***** SOURCE MATERIAL *****

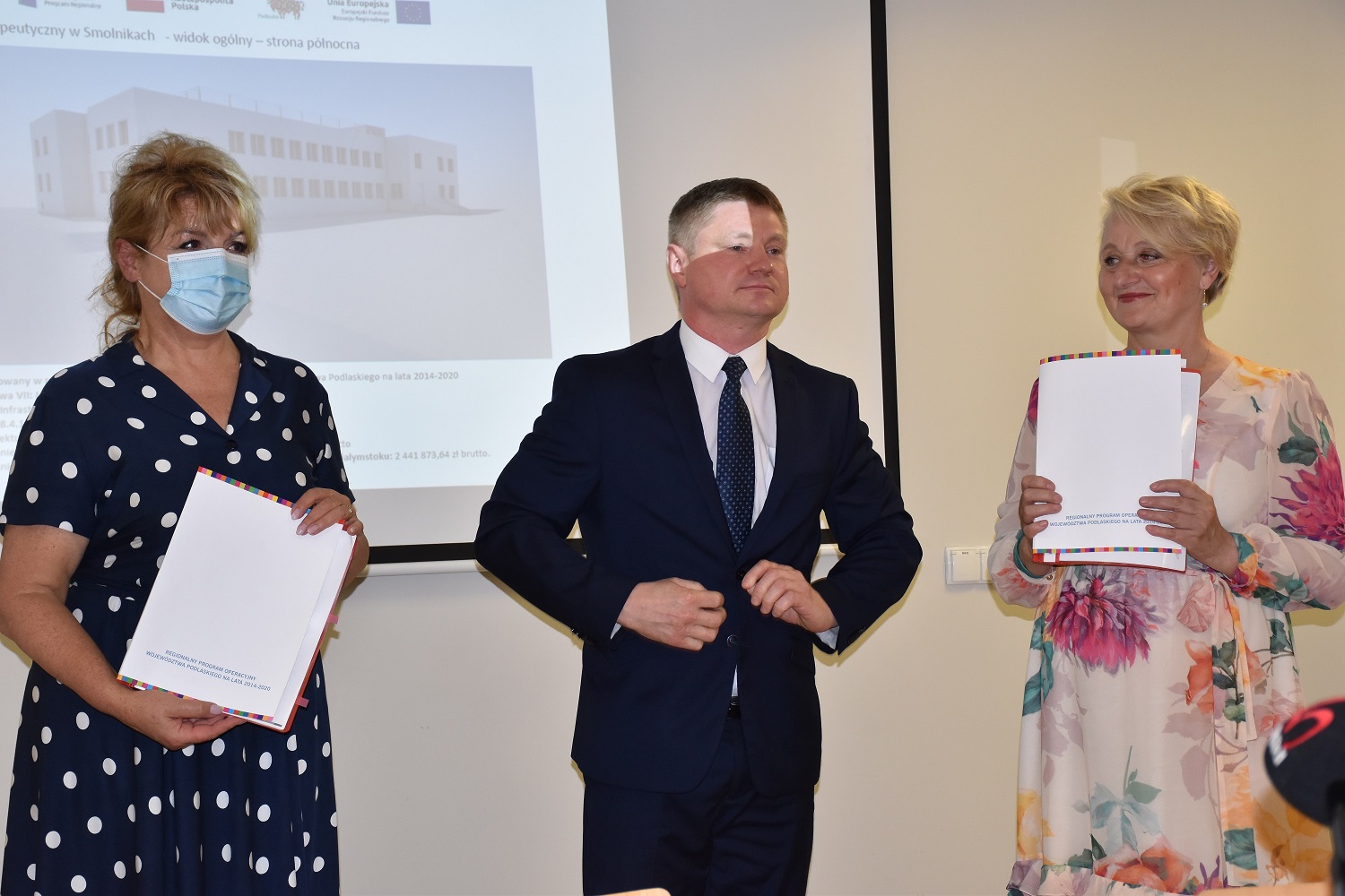 Wicemarszałek Marek Malinowski i Wiesława Burnos, członkini zarządu województwa oraz Bożena Łapińska, dyrektor suwalskiego Szpitala Psychiatrycznego podpisali umowę o udzieleniu dotacji w wysokości 7,4 mln zł na utworzenie Ośrodka Terapeutycznego w Smolnikach.
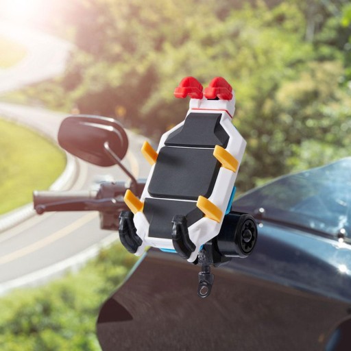 [Amortyzacja]: Uchwyt na telefon posiada funkcję amortyzacji, która skutecznie redukuje wibracje i uderzenia, zapewniając stabilność urządzenia nawet na nierównym terenie.
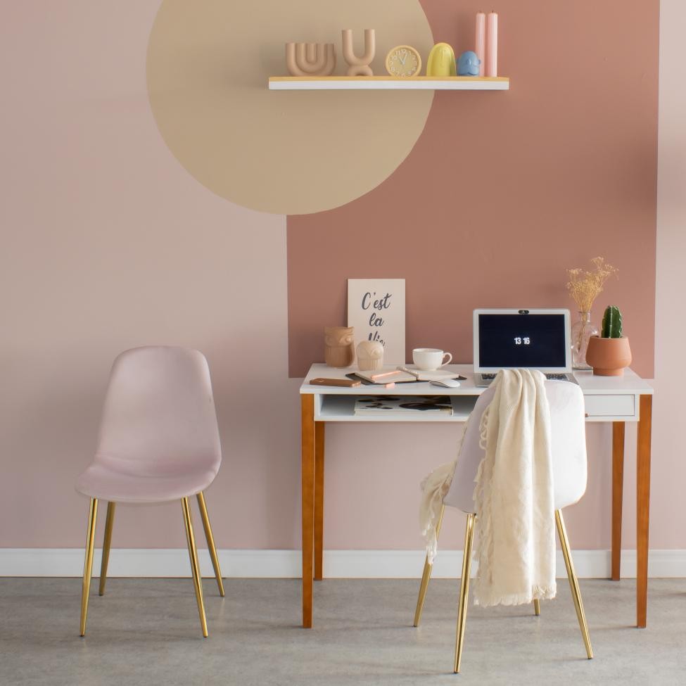 Conjunto com 2 Cadeiras Sindy Rosa Pernas Cromadas
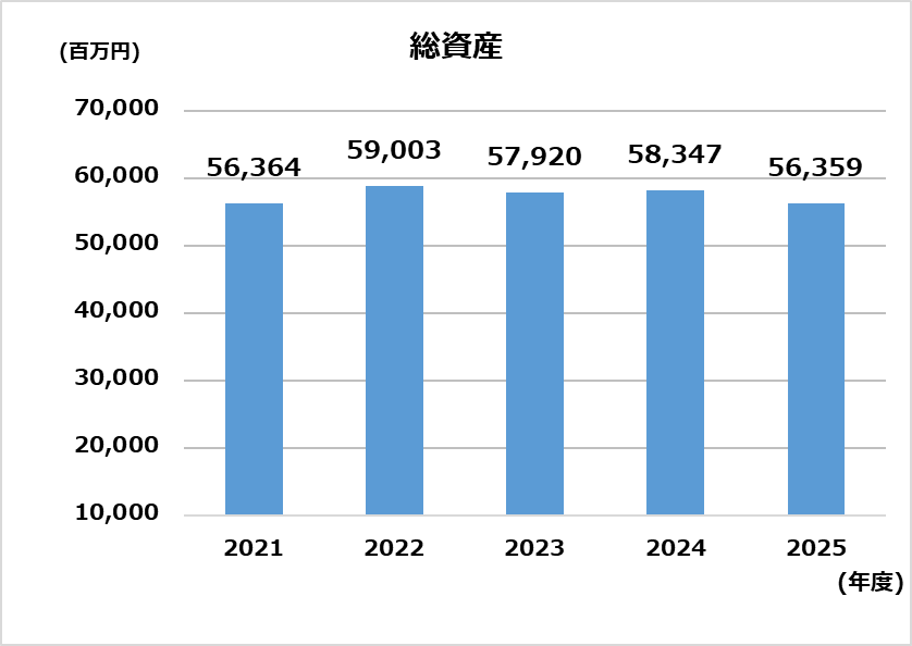 | 資産合計 | 56,364 | 59,003 | 57,920 | 58,347 | 56,359 |
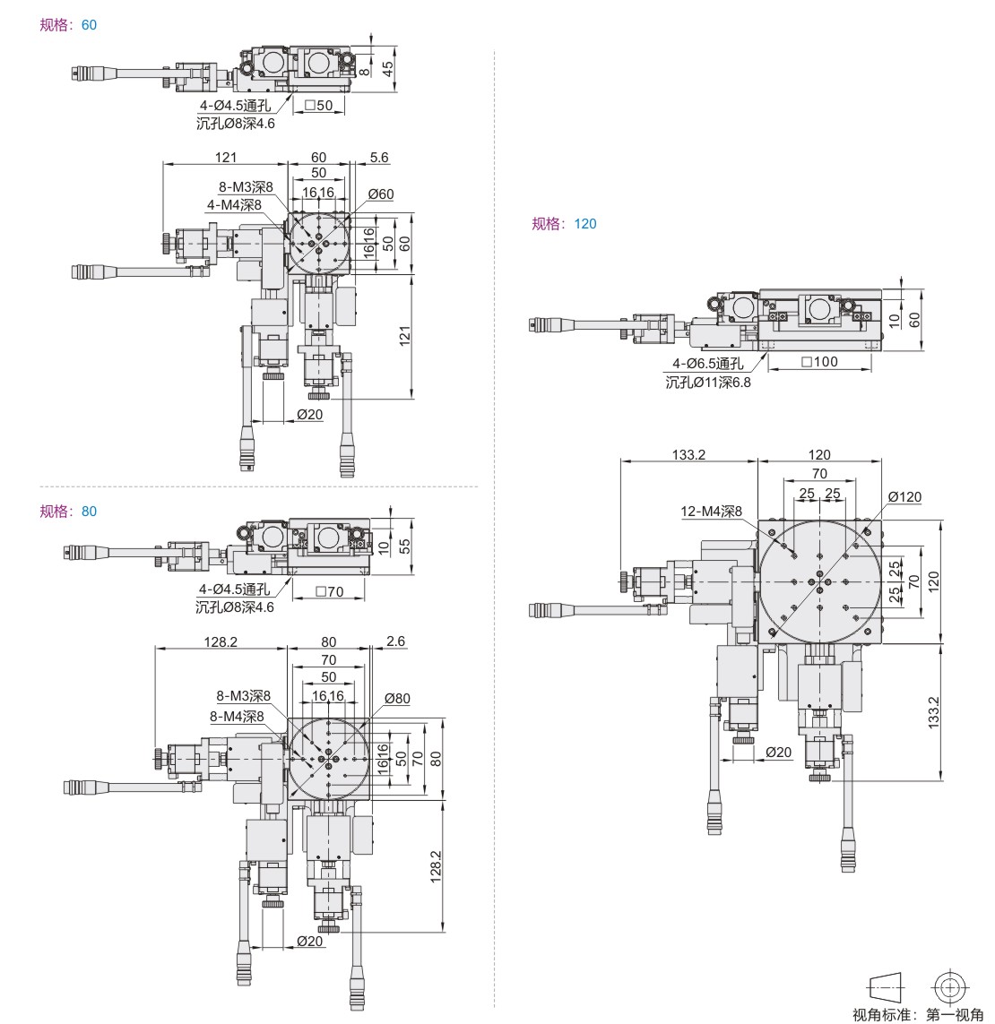电动位移台 XYθ轴 交叉滚柱+角接触轴承引导式 标准型 铝合金材质 黑色阳极氧化处理
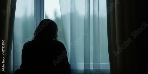 A solitary figure sits silhouetted against a rain-streaked window, evoking a sense of contemplation and introspection amidst a softly lit, moody ambiance.
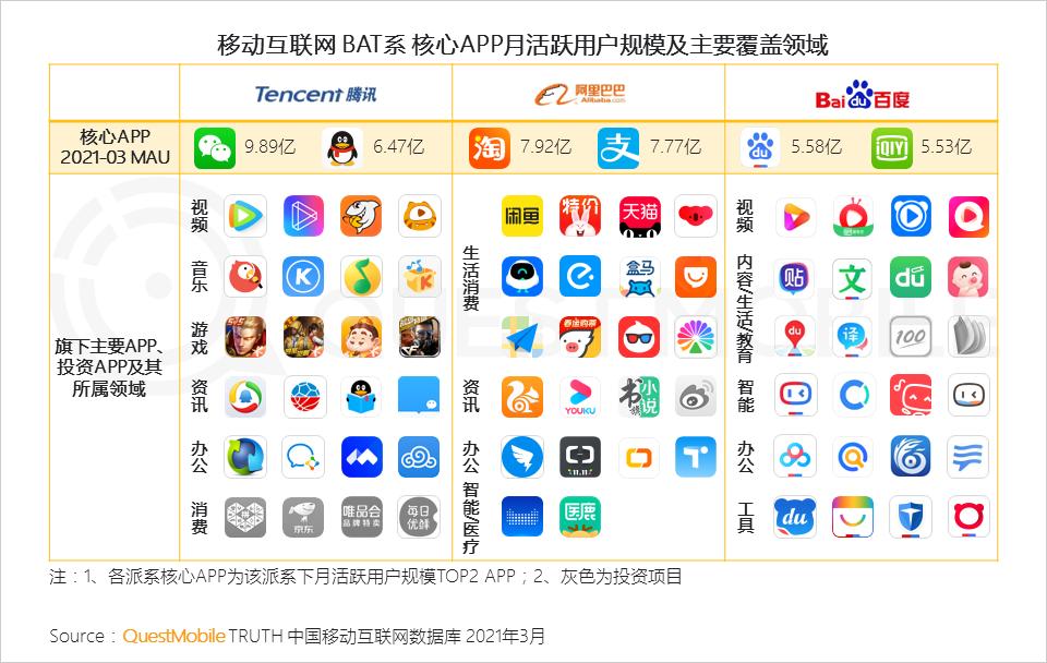 在移动互联网的稳态结构中,BAT继续坐拥庞大的流量矩阵:腾讯覆盖视频、音乐、游戏、资讯、办公等领域,其核心APP微信9.89亿用户、QQ6.47亿用户;阿里覆盖生活消费、资讯、办公等领域,其核心APP淘宝7.92亿用户、支付宝7.77亿用户;百度覆盖视频、内容、教育、智能、办公、工具等领域,其核心APP百度5.58亿用户、爱奇艺5.53亿用户。同时,各自小程序也给他们带来了新的流量体系。
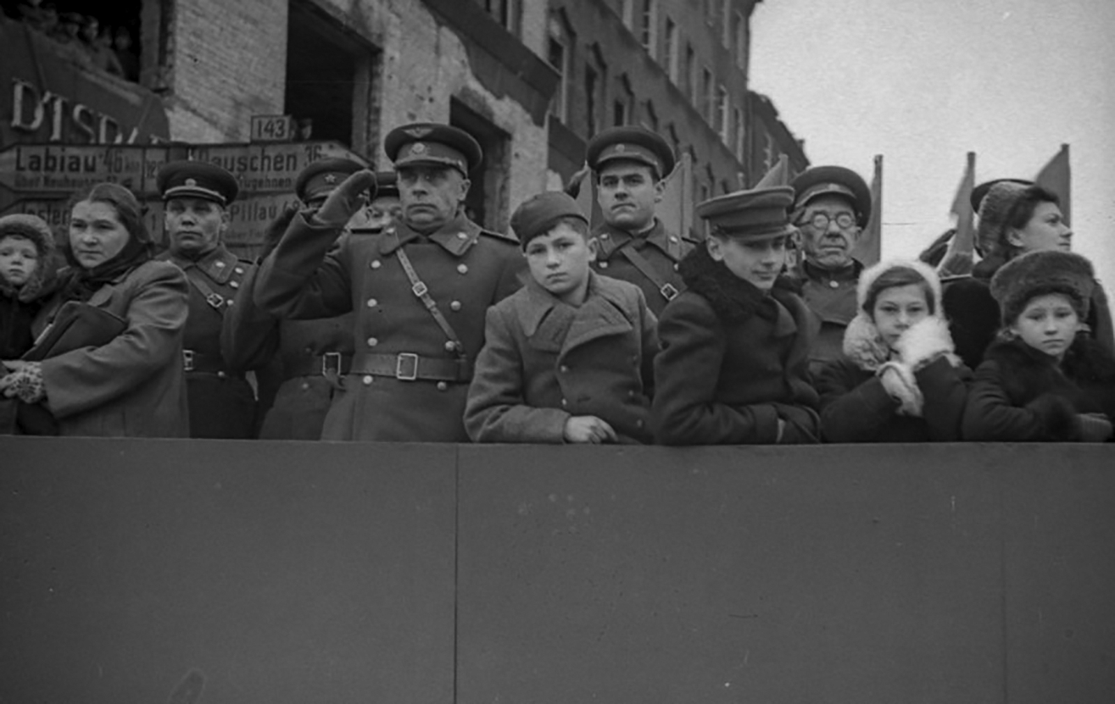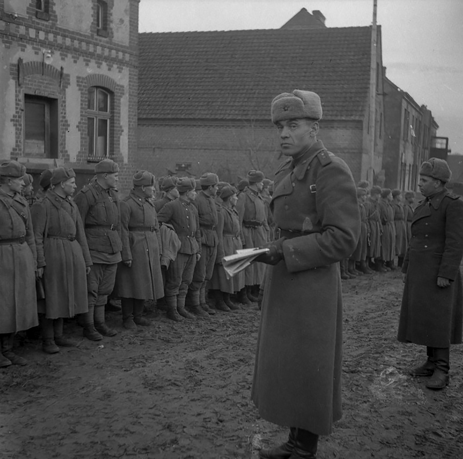 The first Soviet settlers in what was still East Prussia in 1945 were demobilized Red Army soldiers. Many were effectively kept there by order, as the first human support structure of the new Soviet territory.

*****

REQUIRED WORK -> Would you reproduce the listing above exactly, without any of its images?

ANSWER FOR THE TASK ->
 Wicemarszałek Marek Malinowski i Wiesława Burnos, członkini zarządu województwa oraz Bożena Łapińska, dyrektor suwalskiego Szpitala Psychiatrycznego podpisali umowę o udzieleniu dotacji w wysokości 7,4 mln zł na utworzenie Ośrodka Terapeutycznego w Smolnikach.
 [Amortyzacja]: Uchwyt na telefon posiada funkcję amortyzacji, która skutecznie redukuje wibracje i uderzenia, zapewniając stabilność urządzenia nawet na nierównym terenie.
 Conjunto com 2 Cadeiras Sindy Rosa Pernas Cromadas
 | 資産合計 | 56,364 | 59,003 | 57,920 | 58,347 | 56,359 |
电动位移台 XYθ轴 交叉滚柱+角接触轴承引导式 标准型 铝合金材质 黑色阳极氧化处理
 A solitary figure sits silhouetted against a rain-streaked window, evoking a sense of contemplation and introspection amidst a softly lit, moody ambiance.
 在移动互联网的稳态结构中,BAT继续坐拥庞大的流量矩阵:腾讯覆盖视频、音乐、游戏、资讯、办公等领域,其核心APP微信9.89亿用户、QQ6.47亿用户;阿里覆盖生活消费、资讯、办公等领域,其核心APP淘宝7.92亿用户、支付宝7.77亿用户;百度覆盖视频、内容、教育、智能、办公、工具等领域,其核心APP百度5.58亿用户、爱奇艺5.53亿用户。同时,各自小程序也给他们带来了新的流量体系。
 The first Soviet settlers in what was still East Prussia in 1945 were demobilized Red Army soldiers. Many were effectively kept there by order, as the first human support structure of the new Soviet territory.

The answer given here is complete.